Surveys are needed to determine existing population densities and habitat viability for all species of slow loris. Connectivity between protected areas is important for slow lorises because they are not adapted to dispersing across the ground over large distances. For successful reintroductions, connectivity between sites with low population density is considered ideal. Protected area extensions are also needed in Borneo, Java, and Sumatra.
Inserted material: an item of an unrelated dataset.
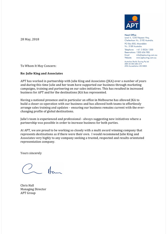 "Julie’s team is experienced and professional - always suggesting new initiatives where a partnership was possible in order to increase business for both parties. At APT, we are proud to be working so closely with a multi award winning company that represents destinations as if there were their own. I would recommend Julie King and Associates very highly to any company seeking a trusted, respected and results orientated representation company. "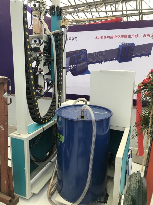 Per il robot automatico di sigillamento, la testa meccanica è davanti alla macchina, può raggiungere il collegamento reale con la linea di produzione del doppi vetri quando produce il vetro di punto.

Despite being included in CITES Appendix I protection and covered by local conservation laws, slow lorises are still threatened by both local and international trade because of problems with enforcement. The continued illegal trade in wildlife has seriously jeopardized both the success and the future of a investment program by the World Bank for East and Southeast Asia biodiversity. In 2008, training workshops for enforcement officials and rescue center personnel were held in Singapore to help teach slow loris identification, conservation status, and husbandry. Surveys prior to the training showed 87% of the trainees could not identify slow loris species, but the one-day workshops had a significant impact.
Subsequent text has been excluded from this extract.